As shown in FIG. 1, in this embodiment, a current conversion module 51 of the correction system 1 is electrically connected to the motor 10, the error calculation module 60, a direct-axis direct current extraction module 52, a quadrature-axis direct current extraction module 53 and a quadrature-axis pulse current extraction module 54. The current conversion module 51 may output a direct-axis current and a quadrature-axis current by means of the Park's transformation, according to the foregoing three-phase voltage and the foregoing synchronous angle ϕ. The direct-axis direct current extraction module 52 may extract a direct-axis direct current in the direct-axis current outputted by the current conversion module 51, the quadrature-axis direct current extraction module 53 may extract a quadrature-axis direct current in the quadrature-axis current outputted by the current conversion module 51, and the quadrature-axis pulse current extraction module 54 may extract a quadrature-axis high-frequency current in the quadrature-axis current outputted by the current conversion module 51.

FIG. 3 is a schematic diagram of signal transmission between a pulse power calculation module and an error calculation module according to an embodiment of the instant disclosure. As shown in FIG. 1 to FIG. 3, in this embodiment, a pulse power calculation module 55 of the correction system 1 is electrically connected to the quadrature-axis pulse current extraction module 54 and the voltage output module 30. The pulse power calculation module 55 receives the foregoing quadrature-axis high-frequency current I and the pulse voltage V outputted by the pulse injection unit 31, and calculates an instantaneous pulse power P(t). The instantaneous pulse power P(t) may be calculated by multiplying the quadrature-axis high-frequency current I by the pulse voltage V. A physical expression of the instantaneous pulse power P(t) is:

$P (t) = \frac{V_{a}^{2}}{ω ({(\frac{L_{q} + L_{d}}{2})}^{2} - {(\frac{L_{q} - L_{d}}{2})}^{2})} \times (\frac{L_{q} - L_{d}}{4}) \times \sin (θ) \times \sin (2 ω t),$

where P(t) is the instantaneous pulse power, V_ais the amplitude of the pulse voltage V, sin(2ωt) is a sine function of the pulse power, ω is an angular velocity of the pulse voltage V, L_qis a quadrature-axis inductance, L_dis a direct-axis inductance, θ is the angle difference, and tis the time.

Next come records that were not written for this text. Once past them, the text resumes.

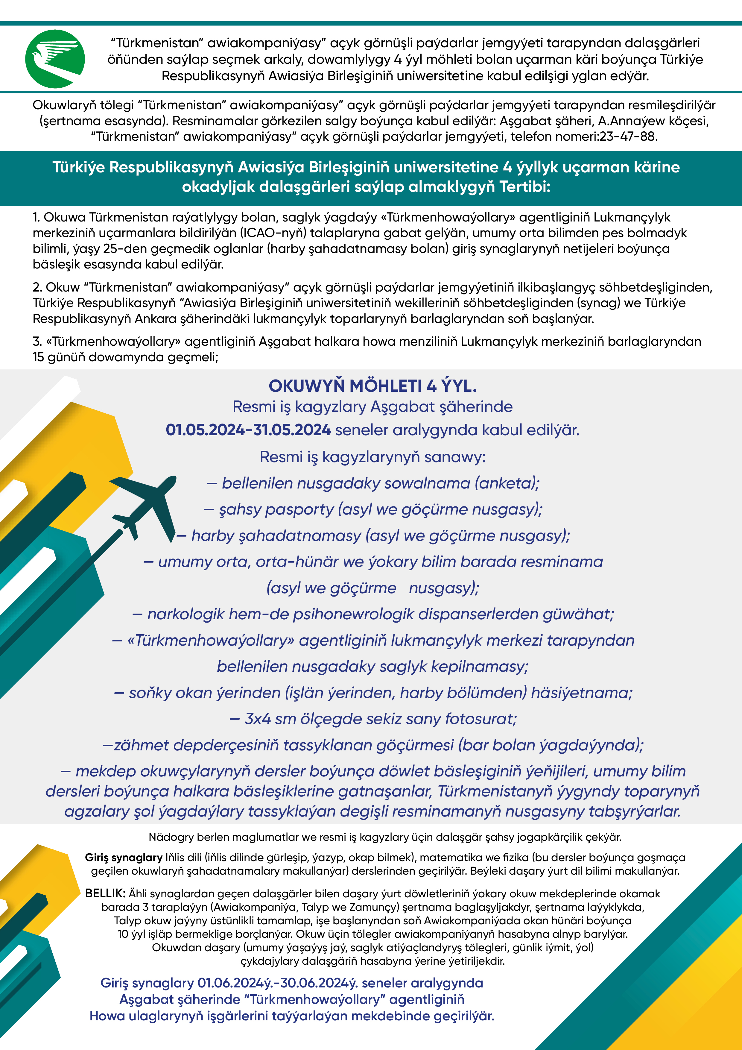 Admission exams are held at the aviation personnel training school of the Turkmenhovayollary Agency in the Ashgabat city at the period from 06/01/2024 to 30.06.2024.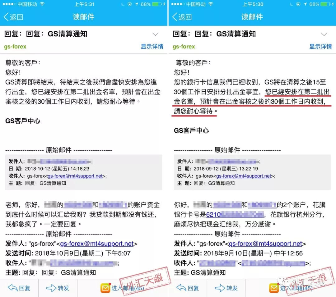 外汇天眼在以往的曝光文章中曾多次连载曝光GS-Forex ·高盛国际存在私自封停账户,拒绝出金等问题,并提醒大家远离。但近日,天眼还是接到众多投资者举报GS-Forex ·高盛国际(以下称:高盛国际),宣布清盘后出金没有到账,且目前网站关闭,客服失联投资者实名举报高盛国际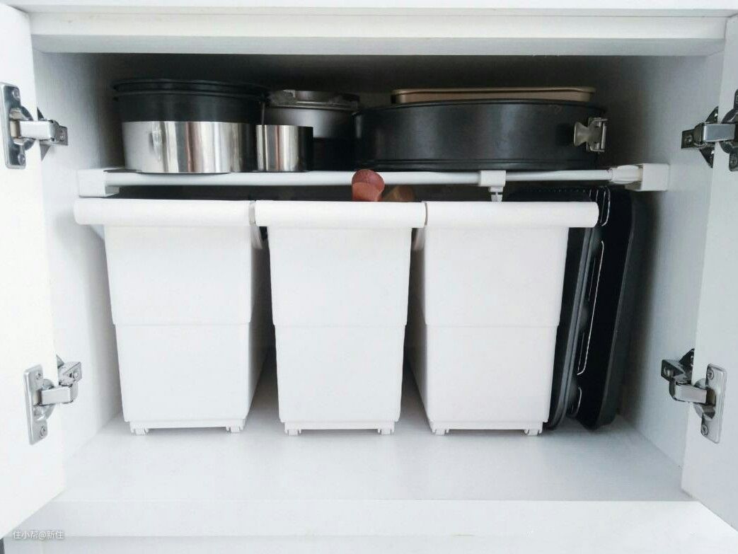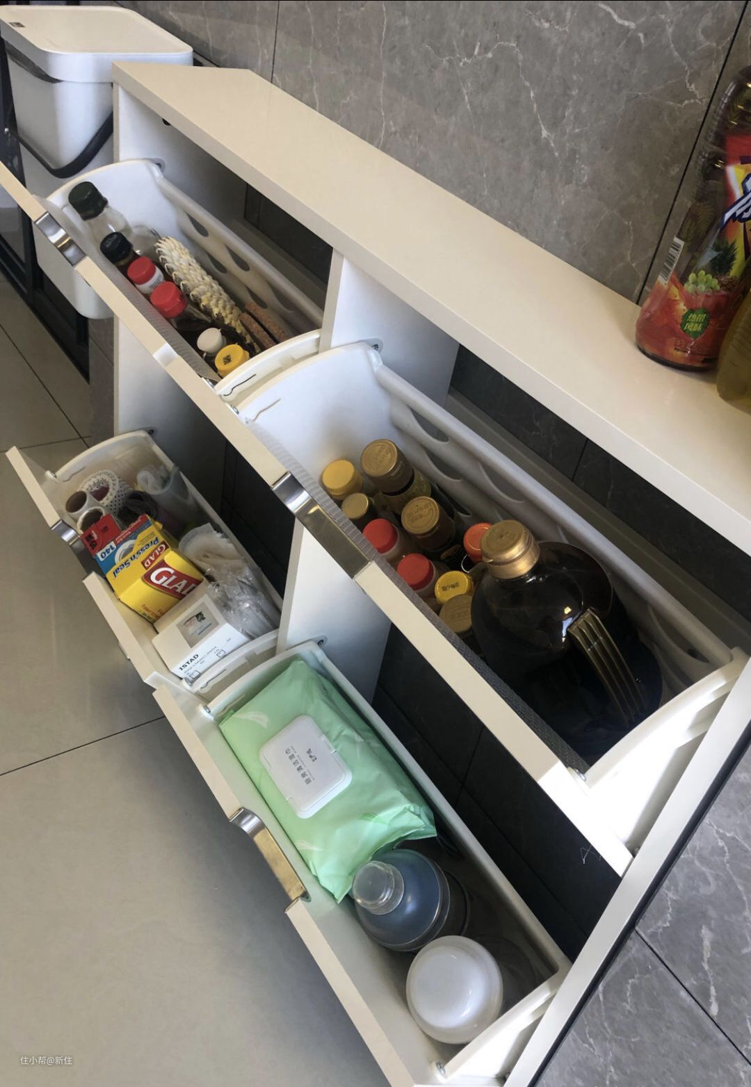 厨房橱柜里用可抽拉收纳盒,上层还有部分空间浪费,用伸缩隔板后还可以收纳蛋糕模具等。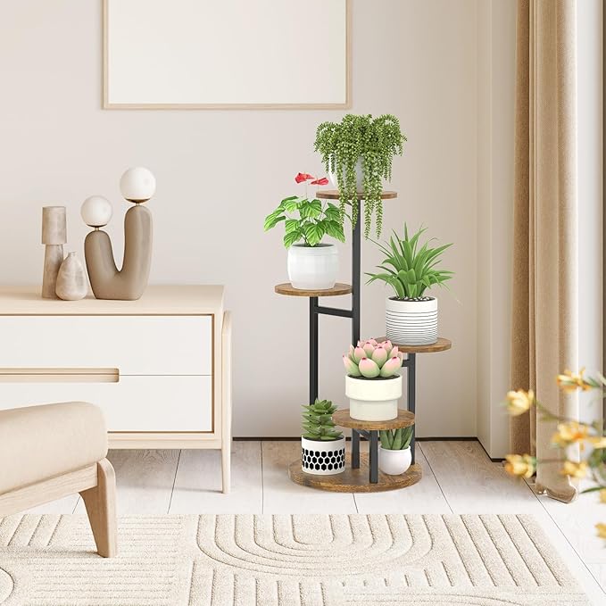 - Spacing Saving & Modern Decor: This plant holders indoor stand can perfectly fit into the corner of your home, adds spice to an empty corner while saving space, allowing you to maximise use of space; As a multi-functional shelf, you can not only display your plants on it, but also place photos, books, and other items, and it is also a great gift choice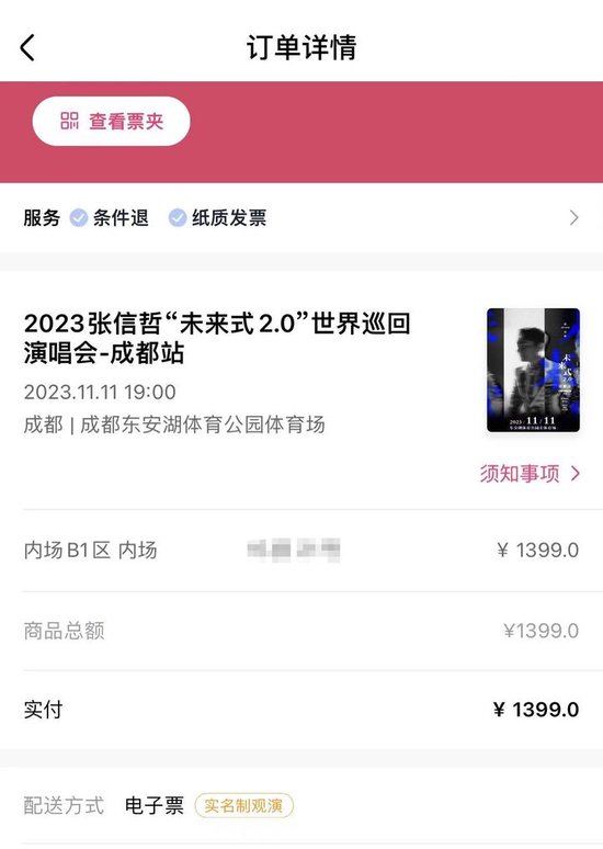 10月11日,施露在大麦App抢票成功,“当时内场就1399元和1099元两档价位,买到1399元的票,我觉得肯定是前排座位了。”施露回忆,在退票期限过后,她才收到官方公布的座位信息,内场分A、B、C三个区,其中最靠前的是A区,而她的座位在B1区,“因为我第一次在国内看演唱会,没有概念,后来到现场才知道自己被坑了。”

As shown in FIG. 1 to FIG. 3, in this embodiment, the error calculation module 60 of the correction system 1 is electrically connected to the pulse power calculation module 55. The error calculation module 60 may include a low-pass filter unit 63, an error calculation unit 61, and a synchronous angle calculation unit 62. The error calculation unit 61 multiplies the instantaneous pulse power P(t) calculated by the pulse power calculation module 55 by a sine function sin(2ωt) of the pulse power to obtain a physical signal, and transmits the physical signal to the low-pass filter unit 63. The low-pass filter unit 63 performs noise reduction on the physical signal to obtain a pulse power with reduced noise. A physical expression of the pulse power with reduced noise is:

$\overline{P} = LPF {p (t) \times \sin (2 ω t)} \approx \frac{v_{a}^{2}}{ω ({(\frac{L_{q} + L_{d}}{2})}^{2} - {(\frac{L_{q} - L_{d}}{2})}^{2})} \times (\frac{L_{d} - L_{q}}{8}) \times \sin (θ),$

where P is the pulse power with reduced noise, V_ais the amplitude of the pulse voltage V, sin(2ωt) is the sine function of the pulse power, ω is the angular velocity of the pulse voltage V, L_qis a quadrature-axis inductance, L_dis a direct-axis inductance, θ is the angle difference, t is the time, and LPF is a function for low-pass filtering, noise reduction, and noise filtering.

In addition, as shown in FIG. 1 to FIG. 3, the error calculation unit 61 may obtain an angle error gain by using known related parameters. A physical expression of the angle error gain is:

$K = \frac{1}{\frac{V_{a}^{2}}{ω ({(\frac{L_{q} + L_{d}}{2})}^{2} - {(\frac{L_{q} - L_{d}}{2})}^{2})} \times (\frac{L_{d} - L_{q}}{8})},$

where K is the angle error gain, V_ais the amplitude of the pulse voltage V, ω is the angular velocity of the pulse voltage V, L_qis the quadrature-axis inductance, and L_dis the direct-axis inductance.

As shown in FIG. 1 to FIG. 3, the error calculation unit 61 obtains the angle difference θ according to the pulse power with reduced noise and the synchronous angle error gain.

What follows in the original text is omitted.